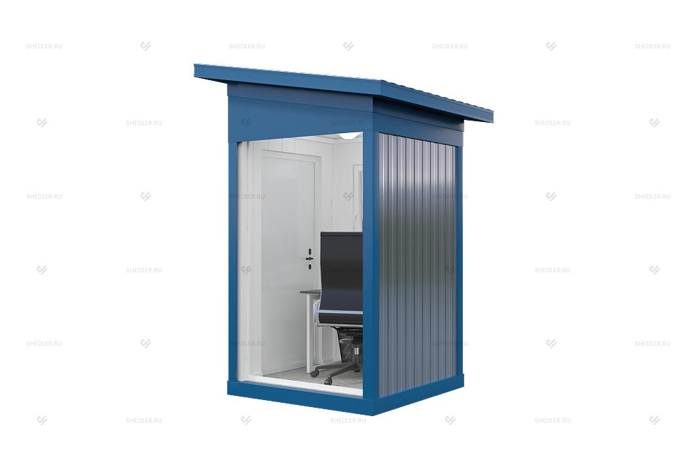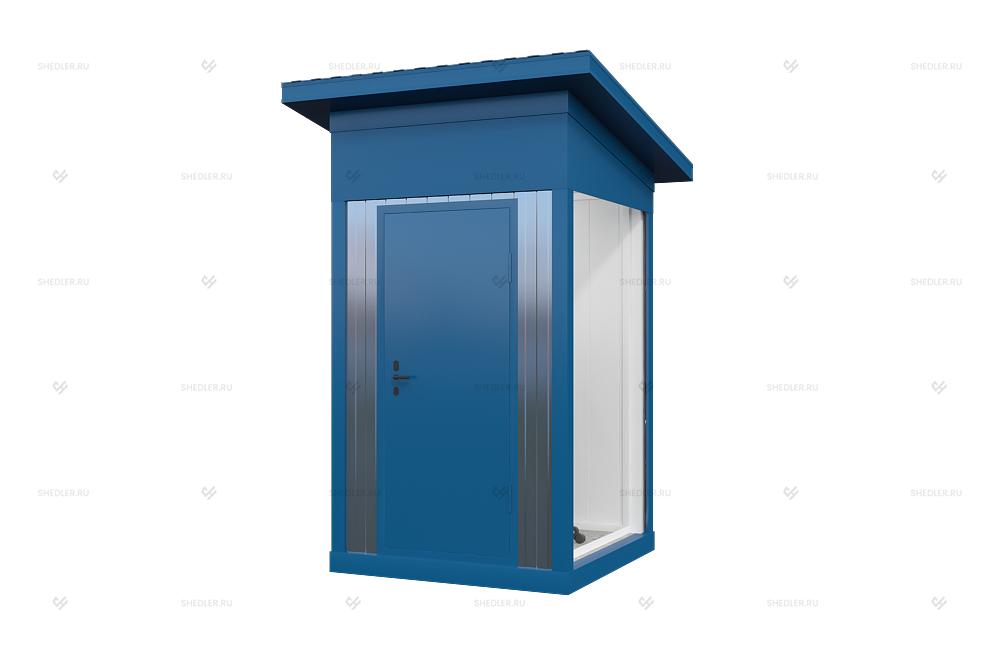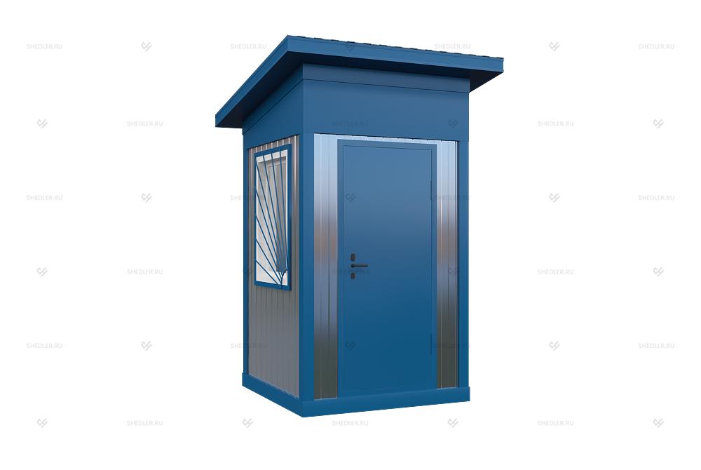 Пост охраны ПБК- 04 из блок-контейнера от SHEDLER в основном собран из металлопроката: каркас сварен из швеллера 120 мм и уголка 90 мм, покрыт порошковой краской синего цвета, фасад собран из оцинкованного профлиста.
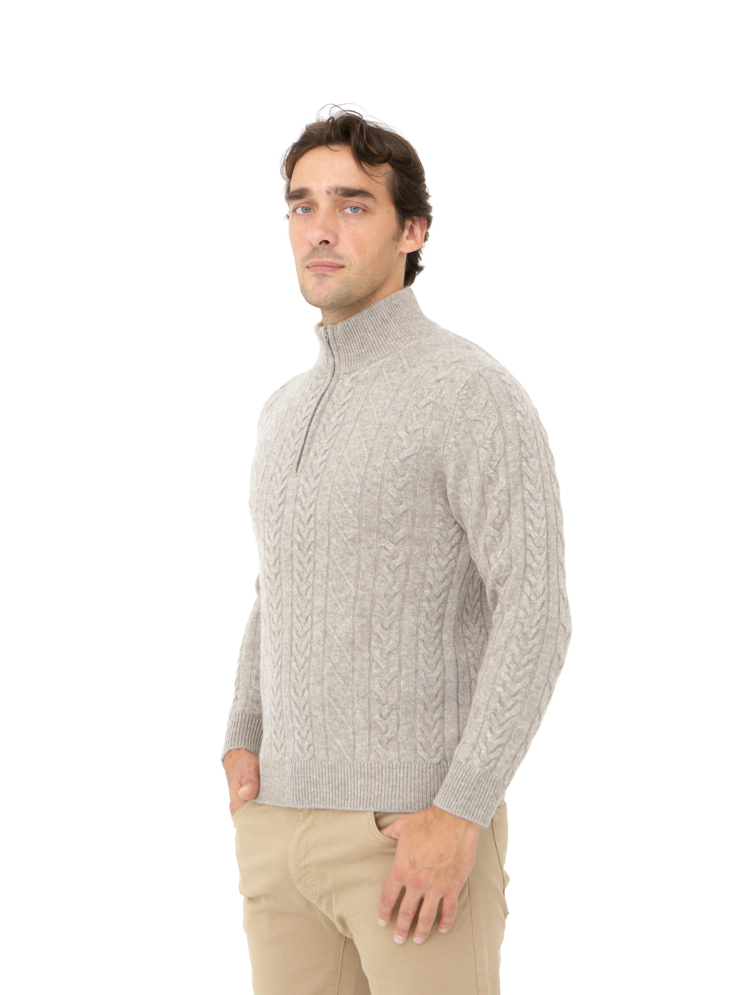 Классический крой с воротником на молнии делает модель функциональной для любого случая. Молния позволяет регулировать степень комфорта и создает стильный эффект многослойности. Вязаный узор добавляет текстуру и визуальный объем.
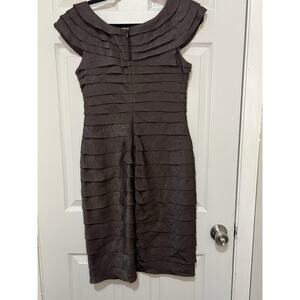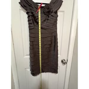 London Times Women’s Sable Brown Flutter Sleeve Cocktail Dress w/Rosette Size 6

----

◆ **Problem to work on**
After locating the line that holds "Классический крой с", output exactly the lines from it through the last line of the material above, inclusive, without pictures.

◆ **Result**
 Классический крой с воротником на молнии делает модель функциональной для любого случая. Молния позволяет регулировать степень комфорта и создает стильный эффект многослойности. Вязаный узор добавляет текстуру и визуальный объем.
 London Times Women’s Sable Brown Flutter Sleeve Cocktail Dress w/Rosette Size 6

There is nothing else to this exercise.